Try the Alberto. That’s the one I like because I cast the knot through the guides and have had the FG fail occasionally doing that after hours of casting… The Alberto is nearly as thin in diameter and has the leader looped so the braid can’t slide off the end.


----------



## Bonesonthebrain (Jan 2, 2020)

Slim Beauty


----------



## Smackdaddy53 (Dec 31, 2012)

Crazy Alberto. The number of wraps is crucial to the knot cinching down or slipping. 20 to 20 I do 5 back, 5 forward and make sure your tag and goes back through OPPOSITE of the way the main line comes through. Spit on it and cinch down until it does not slip any more.


----------



## Sawyer Martin (Jan 30, 2019)

Albright for anything outside of targeting adult tarpon or fishing offshore. FG knot for adult tarpon or offshore. 

Singe your braid tag with a lighter. If you don't, every line to line knot known to mankind WILL fail eventually.
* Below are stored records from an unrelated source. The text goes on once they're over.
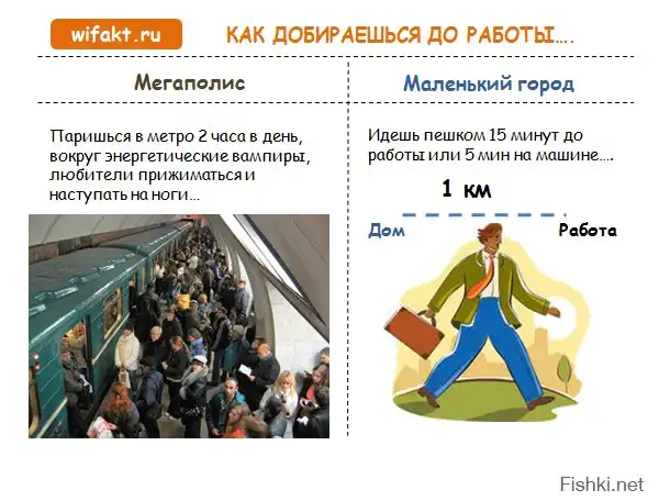 Все чаще жители мегаполисов, прежде всего столицы, подумывают о том чтобы переехать подальше от суеты в маленький город или деревню. Многие и переезжают. Кого-то останавливают трудности и остается мечтать, ну что ж, можно и мечтать, этого-то никто не сможет отнять. Просто должно быть у всех объективное понимание, что бытие определяет сознание: если живешь в огромном городе ты живешь по его законам - большие расстояния, гипермаркеты, хроническая усталость, метро и прочее, если живешь в маленьком городе жизнь более медленная, менее нервная, больше надо уметь руками делать, но и меньше денег понятно будет. Ну понятно везде есть минусы и плюсы, главное не бояться себе признаться что что-то не устраивает и уметь изменить свою жизнь в лучшую сторону!
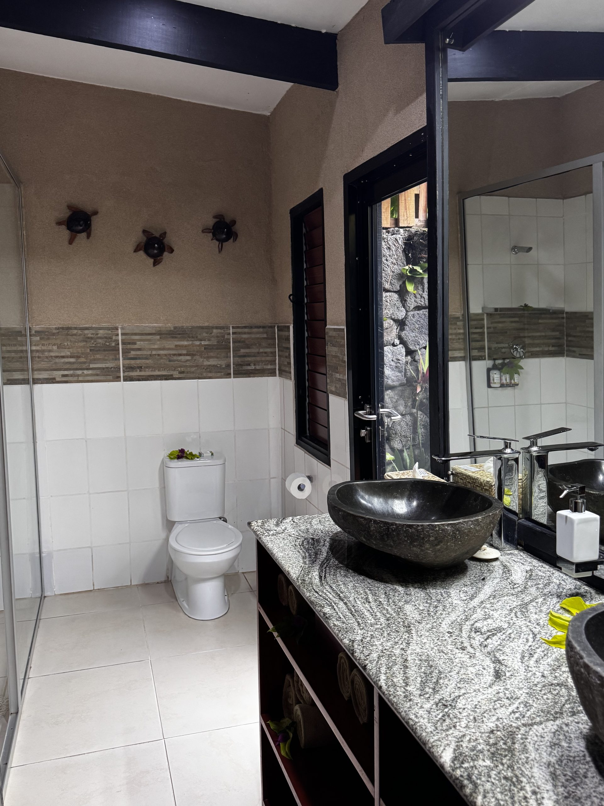 Accommodations with AC and outdoor shower
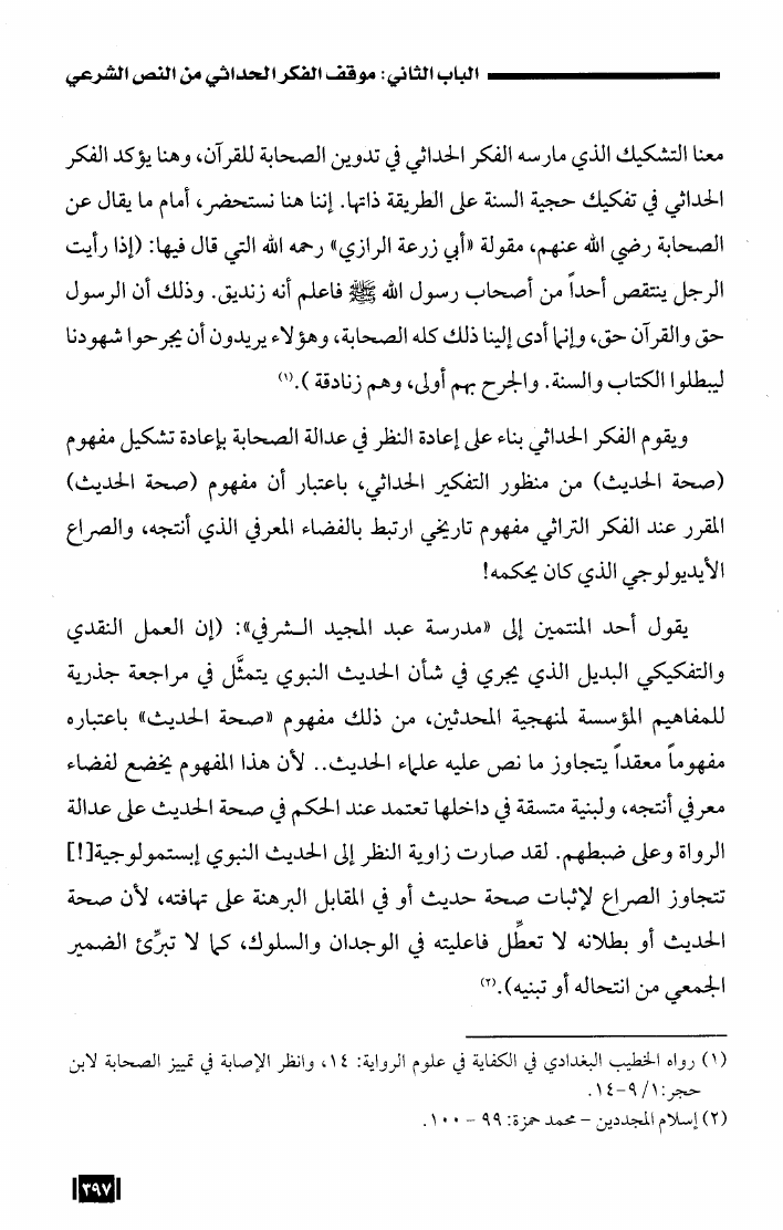 موقف الفكر الحداثي العربي من أصول الإستدلال في الإسلام دراسة تحليلية نقدية

Braid frays if you don't singe it, no matter what.


----------



## Smackdaddy53 (Dec 31, 2012)

Sawyer Martin said:


> Albright for anything outside of targeting adult tarpon or fishing offshore. FG knot for adult tarpon or offshore.
> 
> Singe your braid tag with a lighter. If you don't, every line to line knot known to mankind WILL fail eventually. Braid frays if you don't singe it, no matter what.
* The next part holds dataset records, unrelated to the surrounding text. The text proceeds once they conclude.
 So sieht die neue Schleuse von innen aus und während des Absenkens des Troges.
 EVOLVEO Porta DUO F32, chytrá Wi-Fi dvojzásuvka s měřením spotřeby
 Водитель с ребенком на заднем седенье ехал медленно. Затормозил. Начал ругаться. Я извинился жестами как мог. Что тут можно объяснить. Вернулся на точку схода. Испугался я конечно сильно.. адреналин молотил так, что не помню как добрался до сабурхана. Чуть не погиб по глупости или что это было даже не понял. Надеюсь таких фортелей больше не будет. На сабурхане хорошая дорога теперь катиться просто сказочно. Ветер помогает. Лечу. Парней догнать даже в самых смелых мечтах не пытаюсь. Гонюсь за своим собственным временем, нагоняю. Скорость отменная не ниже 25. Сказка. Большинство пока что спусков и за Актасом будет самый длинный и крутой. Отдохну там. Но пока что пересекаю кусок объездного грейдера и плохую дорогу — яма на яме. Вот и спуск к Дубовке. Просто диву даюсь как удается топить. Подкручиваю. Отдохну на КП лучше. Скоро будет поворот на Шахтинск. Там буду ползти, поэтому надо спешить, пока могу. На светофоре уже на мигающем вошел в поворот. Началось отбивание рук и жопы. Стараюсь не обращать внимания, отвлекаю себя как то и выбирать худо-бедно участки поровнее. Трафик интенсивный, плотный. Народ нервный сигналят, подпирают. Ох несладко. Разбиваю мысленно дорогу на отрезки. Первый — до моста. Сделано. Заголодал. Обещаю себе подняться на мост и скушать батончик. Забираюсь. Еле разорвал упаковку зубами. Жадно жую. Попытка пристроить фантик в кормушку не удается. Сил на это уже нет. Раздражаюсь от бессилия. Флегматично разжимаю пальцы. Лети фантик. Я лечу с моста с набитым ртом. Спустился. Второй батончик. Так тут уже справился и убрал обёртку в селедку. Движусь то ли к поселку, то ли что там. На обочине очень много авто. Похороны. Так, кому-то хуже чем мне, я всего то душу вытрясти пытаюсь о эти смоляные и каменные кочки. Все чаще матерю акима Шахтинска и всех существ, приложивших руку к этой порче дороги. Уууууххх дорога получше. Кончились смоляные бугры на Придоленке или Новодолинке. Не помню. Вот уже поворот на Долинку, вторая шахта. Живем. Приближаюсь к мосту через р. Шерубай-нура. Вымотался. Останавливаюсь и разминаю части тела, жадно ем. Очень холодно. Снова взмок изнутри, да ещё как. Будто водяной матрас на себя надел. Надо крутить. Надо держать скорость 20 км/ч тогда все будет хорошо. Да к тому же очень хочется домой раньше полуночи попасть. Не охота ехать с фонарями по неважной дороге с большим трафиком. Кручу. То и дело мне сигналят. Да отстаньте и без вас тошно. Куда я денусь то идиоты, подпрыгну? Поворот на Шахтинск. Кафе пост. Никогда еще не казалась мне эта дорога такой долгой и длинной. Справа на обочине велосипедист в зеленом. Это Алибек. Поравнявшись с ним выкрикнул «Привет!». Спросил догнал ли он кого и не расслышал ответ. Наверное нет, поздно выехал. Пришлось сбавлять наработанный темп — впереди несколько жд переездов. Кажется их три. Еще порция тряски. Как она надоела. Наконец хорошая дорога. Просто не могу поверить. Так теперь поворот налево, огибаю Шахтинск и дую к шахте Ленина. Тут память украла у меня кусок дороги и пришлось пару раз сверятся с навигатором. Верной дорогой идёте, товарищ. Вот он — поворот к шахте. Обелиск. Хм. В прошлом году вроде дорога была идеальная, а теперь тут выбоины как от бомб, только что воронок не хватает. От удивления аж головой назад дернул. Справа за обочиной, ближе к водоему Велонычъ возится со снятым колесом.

They won’t slip if you tie them right.


----------



## Sawyer Martin (Jan 30, 2019)

Smackdaddy53 said:


> They won’t slip if you tie them right.


Agreed. 

& to clarify, I said nothing about slipping. I've never had a line to line knot failure, including those with braid. 

With that being said, braid, by nature, falls apart if the end isn't singed.


----------



## Smackdaddy53 (Dec 31, 2012)

Sawyer Martin said:


> I said nothing about slipping.


You might read your reply again. Why would singing the braid keep the knot from failing? I’ve never used a lighter on braid and have been using braid/mono since braid came out and was that crappy yellow kevlar that turned to dust in the sun.


----------



## TravHale (May 17, 2019)

I forced myself into the FG knot, and can now tie it as fast as anything else. If I wasn’t using the FG, I’d probly just tie a simple double uni. The FG has been one of the most important knots I’ve learned.


----------



## BrownDog (Jun 22, 2019)

Surgeon loop in braid down to an Albright/Alberto


----------



## couillon (Feb 5, 2021)

For inshore, I fish mostly 10 braid to 20 lb mono leader with an albright, I'm much more proficient with it than an fg. I have better success tying an fg with heavier lines.


----------



## MikeCockman (8 mo ago)

FG for me, been using it about 5 years now. I can tie just as fast as any other knot.


----------



## Rich11111 (Jun 6, 2018)

TravHale said:


> I forced myself into the FG knot, and can now tie it as fast as anything else. If I wasn’t using the FG, I’d probly just tie a simple double uni. The FG has been one of the most important knots I’ve learned.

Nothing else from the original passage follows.